Così il Tribunale di Roma si è pronunciato rigettando il reclamo proposto da una società avverso il decreto con cui era stata già negata la concessione delle misure protettive nell’ambito della composizione negoziata della crisi.
Lo scopo della composizione è, infatti, quello di favorire l’emersione più anticipata possibile della crisi d’impresa, al fine di attuarne il possibile risanamento quando la situazione finanziaria non risulti ancora irrecuperabile.
Al percorso della composizione, come noto, si possono affiancare, su richiesta del debitore, le misure protettive volte a ostacolare temporaneamente le iniziative dei creditori. Tale incisione dei diritti di questi ultimi viene sottoposta al vaglio del Giudice, che deve verificare la situazione di squilibrio economico-finanziario e l’effettiva possibilità di risanamento dell’impresa.
Le misure protettive, fortemente incisive sui diritti dei creditori, si giustificano nella sola prospettiva del recupero dell’efficienza imprenditoriale. La legge richiede, infatti, che il debitore attui un’azione risanatrice connotata da realismo ed effettività, evitando ostruzionismi e abusi.
Il ricorso per la conferma delle misura protettive deve essere, quindi, supportato da un progetto economico finanziario e da un’attestazione di risanamento che deve consentire al Giudice una valutazione di possibile riuscita e uscita dalla crisi.
Non possono, al contrario, essere adottate soluzioni che conducano alla liquidazione dell’impresa, la cui strada può essere intrapresa con il concordato preventivo, non con la composizione negoziata.
Nel caso di specie, la debitrice propone di soddisfare il maggior creditore (con un credito superiore alla metà del totale delle passività) con la cessione dei propri impianti trascorsi cinque anni di piano, sostanzialmente liquidatorio.

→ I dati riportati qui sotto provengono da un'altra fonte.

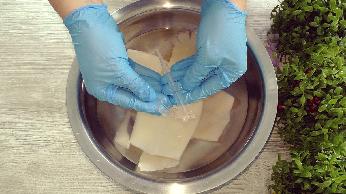 Кальмары следует освободить от всего лишнего. Существует множество способов их приготовления, но одним из самых простых является использование горячей воды: достаточно вскипятить чайник и залить тушки кальмаров кипятком на 10 минут. Это позволит сохранить их мягкость и деликатный вкус.

Tuttavia, una sentenza arbitrale esecutiva statuiva già il trasferimento a detto creditore della proprietà delle aziende, che erano sin da subito destinate al patrimonio del creditore.
Secondo la ricostruzione offerta dal Tribunale, è chiaro come il piano della debitrice sia volto unicamente a impedire la consegna al creditore dei propri impianti.
Pertanto, non essendo le misure protettive proporzionali al pregiudizio arrecato ai creditori, esse non possono essere concesse.